I took the caps off and noticed that although there was water covering the plates, the water was no where near the top up marker.

This marker is in the form of a plastic "L" shaped leg that is in each hole and sits about 12mm below the top of the battery hole. I was lead to believe that this was the level indicator for the water. 

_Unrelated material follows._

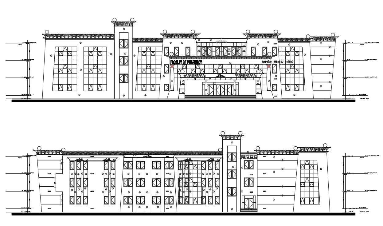 Wonderful section and the elevation details of the pharmacy college building AutoCAD DWG Drawing File. Download the AutoCAD DWG file.
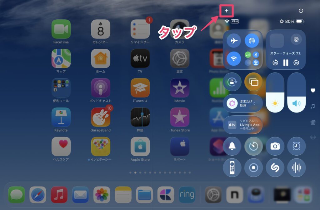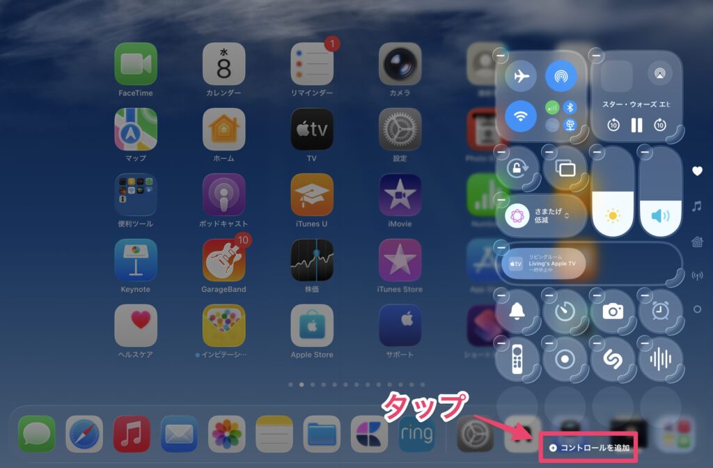 コントロールセンターを開いたら、左上の「+」をタップします。

I therefore filled each cell up to this mark but have been left wondering if i have done rthe right thing or if i should have left well alone.

Any advice welcome

ps the green indicator was well "lit" on each battery.

Phill


----------



## Juggler258 (Sep 6, 2005)

Phill,
As a fellow Taurean, I have always topped up my 4 x 110Ahr NUMAX batteries up to that 'L' shaped marker. I've not had any problems in the last 4 years. I keep a bottle of Halfords distilled water in the garage so I can check them regular. Any excess would have gone down the breather tubes.

Have a nice day,
Neil


----------



## Wizzo (Dec 3, 2007)

Sounds good to me too.

JohnW


----------



## cabby (May 14, 2005)

Also as a taurean I could not possibly disagree.but yes that sounds ok to me.

cabby


----------



## ingram (May 12, 2005)

I agree: and slightly off the main subject but relevant:-- I bought one of those small antifreeze testers from Lidl when they had them in stock, removed the marker float and use it for topping up the batteries: works very well. A flexible rubber tube can be fitted to the end if necessary to improve access to inaccessible batteries.

Harvey


----------



## EJB (Aug 25, 2007)

As a Taurean I couldn't possibly comment :wink:


----------



## drcotts (Feb 23, 2006)

Hi and thanks guys and gals
I knew i was ok but just wanted to be sure,

Good idea ingram re the filler. You got the van i wanted by the way but couldnt afford

Phill


----------



## ingram (May 12, 2005)

One of these from Lidl in case anyone doesn't know of them. About 8" long.


----------